#### Your objective:
Reproduce the listing exactly, with no pictures in your copy.
___ Provided data ___
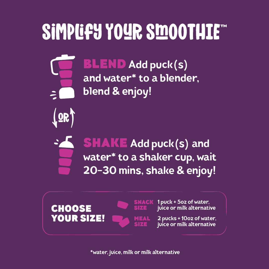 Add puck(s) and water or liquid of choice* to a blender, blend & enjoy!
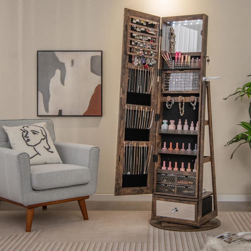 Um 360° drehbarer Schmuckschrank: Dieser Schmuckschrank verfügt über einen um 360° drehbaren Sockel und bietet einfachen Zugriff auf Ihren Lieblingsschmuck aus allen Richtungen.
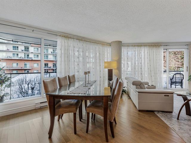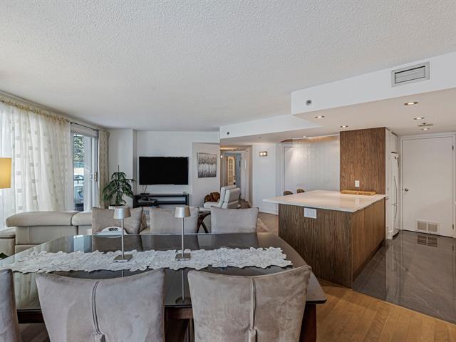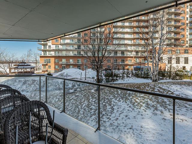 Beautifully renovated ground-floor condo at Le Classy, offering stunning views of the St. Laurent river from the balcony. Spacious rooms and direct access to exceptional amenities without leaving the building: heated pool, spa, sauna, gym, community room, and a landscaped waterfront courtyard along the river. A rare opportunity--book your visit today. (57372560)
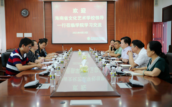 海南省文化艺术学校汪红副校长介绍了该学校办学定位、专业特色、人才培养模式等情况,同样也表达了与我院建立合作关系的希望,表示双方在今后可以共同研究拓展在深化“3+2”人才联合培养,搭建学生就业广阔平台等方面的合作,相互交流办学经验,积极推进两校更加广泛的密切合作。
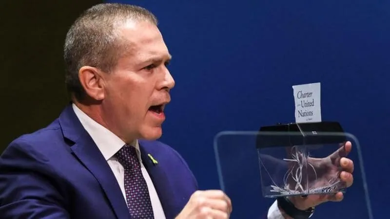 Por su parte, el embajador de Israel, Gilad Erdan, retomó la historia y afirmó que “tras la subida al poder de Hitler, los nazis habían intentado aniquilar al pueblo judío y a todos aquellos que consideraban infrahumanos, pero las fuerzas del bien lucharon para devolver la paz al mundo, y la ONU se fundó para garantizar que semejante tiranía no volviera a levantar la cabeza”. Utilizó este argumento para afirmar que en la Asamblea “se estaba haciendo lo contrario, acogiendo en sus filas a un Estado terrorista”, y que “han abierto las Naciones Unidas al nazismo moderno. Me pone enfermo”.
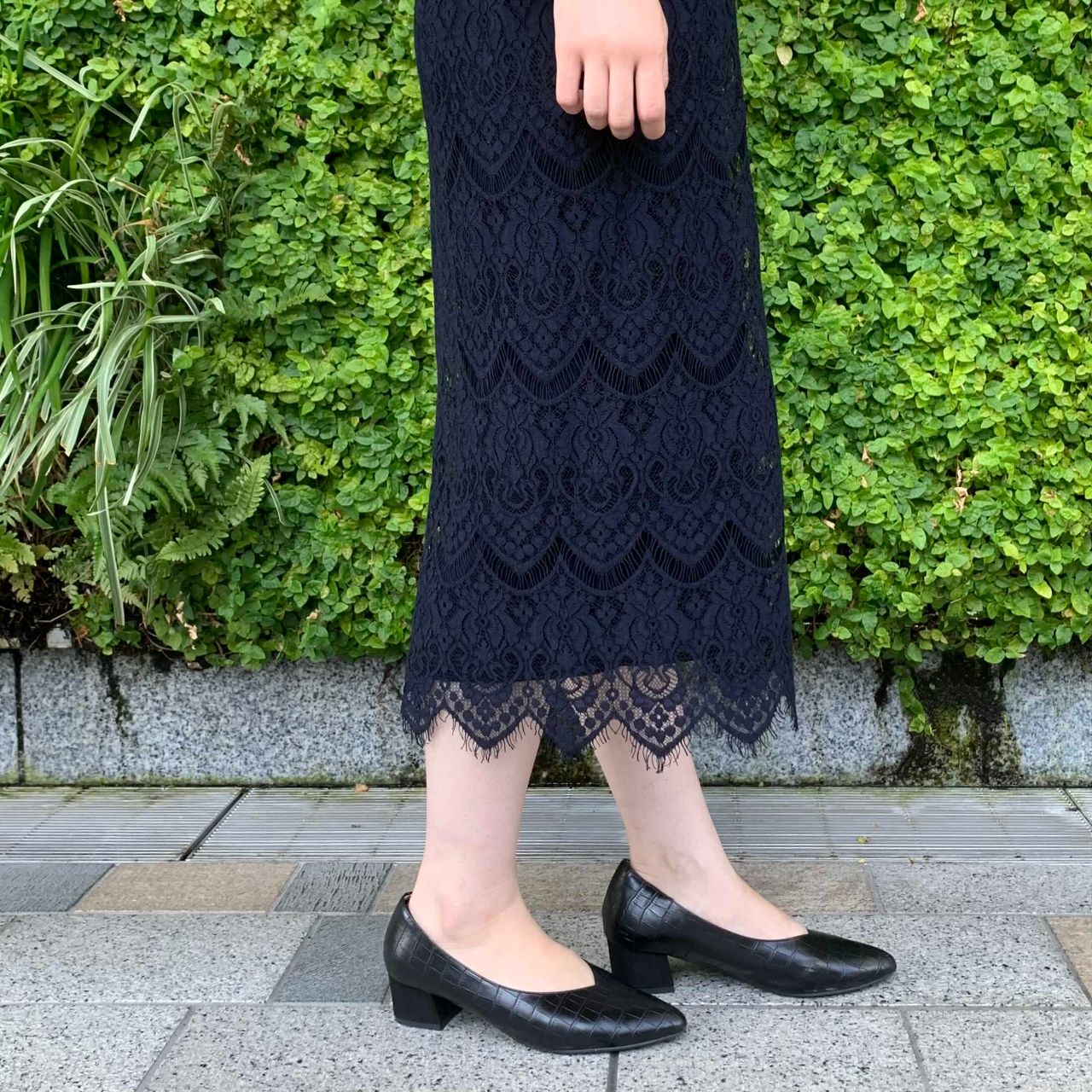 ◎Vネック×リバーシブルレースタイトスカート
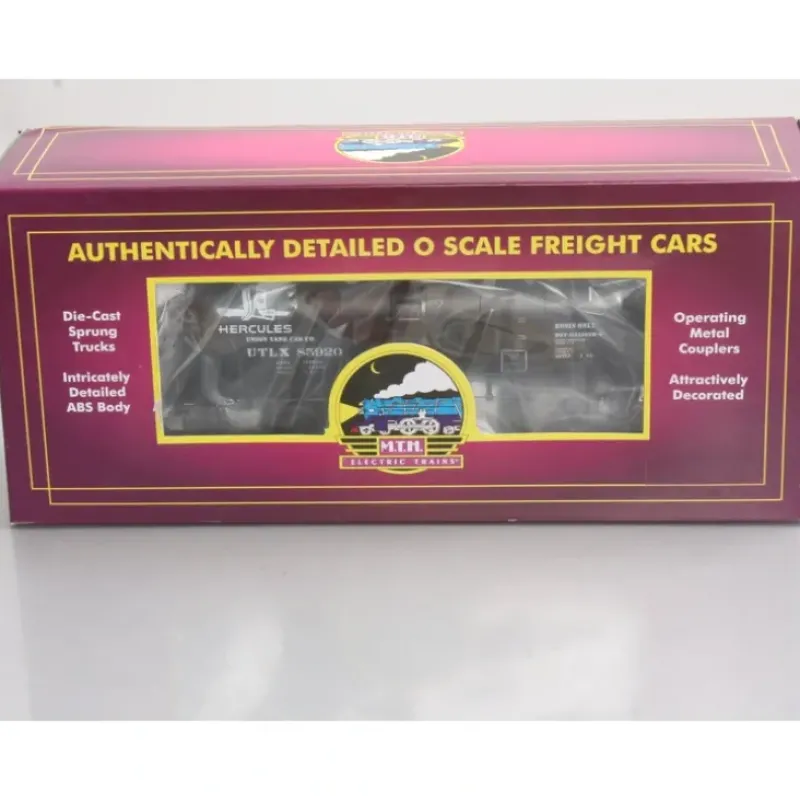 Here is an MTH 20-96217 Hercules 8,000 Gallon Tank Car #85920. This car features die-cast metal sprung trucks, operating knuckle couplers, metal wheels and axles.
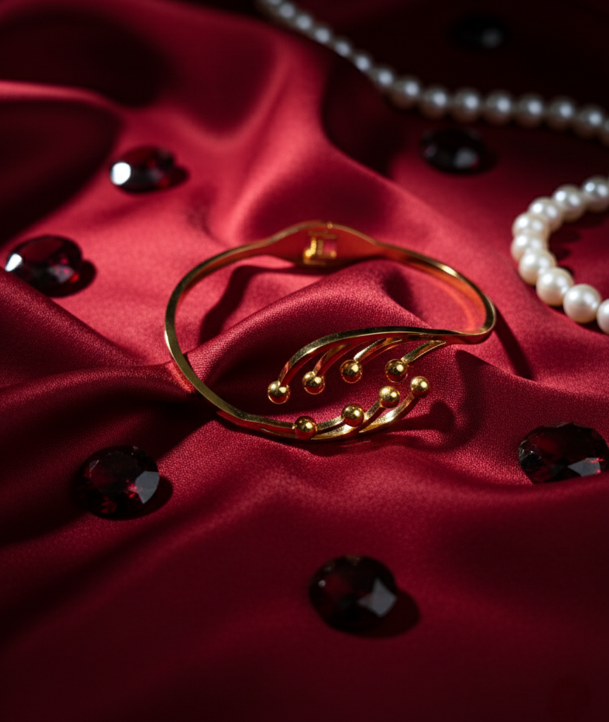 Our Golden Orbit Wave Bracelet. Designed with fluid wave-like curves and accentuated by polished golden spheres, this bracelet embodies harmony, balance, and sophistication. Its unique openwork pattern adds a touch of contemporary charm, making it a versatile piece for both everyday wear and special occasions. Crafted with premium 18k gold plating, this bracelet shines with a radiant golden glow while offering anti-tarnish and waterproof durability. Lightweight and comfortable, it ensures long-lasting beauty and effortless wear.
___
#### Task response:
 Add puck(s) and water or liquid of choice* to a blender, blend & enjoy!
 Um 360° drehbarer Schmuckschrank: Dieser Schmuckschrank verfügt über einen um 360° drehbaren Sockel und bietet einfachen Zugriff auf Ihren Lieblingsschmuck aus allen Richtungen.
 Beautifully renovated ground-floor condo at Le Classy, offering stunning views of the St. Laurent river from the balcony. Spacious rooms and direct access to exceptional amenities without leaving the building: heated pool, spa, sauna, gym, community room, and a landscaped waterfront courtyard along the river. A rare opportunity--book your visit today. (57372560)
 海南省文化艺术学校汪红副校长介绍了该学校办学定位、专业特色、人才培养模式等情况,同样也表达了与我院建立合作关系的希望,表示双方在今后可以共同研究拓展在深化“3+2”人才联合培养,搭建学生就业广阔平台等方面的合作,相互交流办学经验,积极推进两校更加广泛的密切合作。
 Por su parte, el embajador de Israel, Gilad Erdan, retomó la historia y afirmó que “tras la subida al poder de Hitler, los nazis habían intentado aniquilar al pueblo judío y a todos aquellos que consideraban infrahumanos, pero las fuerzas del bien lucharon para devolver la paz al mundo, y la ONU se fundó para garantizar que semejante tiranía no volviera a levantar la cabeza”. Utilizó este argumento para afirmar que en la Asamblea “se estaba haciendo lo contrario, acogiendo en sus filas a un Estado terrorista”, y que “han abierto las Naciones Unidas al nazismo moderno. Me pone enfermo”.
 ◎Vネック×リバーシブルレースタイトスカート
 Here is an MTH 20-96217 Hercules 8,000 Gallon Tank Car #85920. This car features die-cast metal sprung trucks, operating knuckle couplers, metal wheels and axles.
 Our Golden Orbit Wave Bracelet. Designed with fluid wave-like curves and accentuated by polished golden spheres, this bracelet embodies harmony, balance, and sophistication. Its unique openwork pattern adds a touch of contemporary charm, making it a versatile piece for both everyday wear and special occasions. Crafted with premium 18k gold plating, this bracelet shines with a radiant golden glow while offering anti-tarnish and waterproof durability. Lightweight and comfortable, it ensures long-lasting beauty and effortless wear.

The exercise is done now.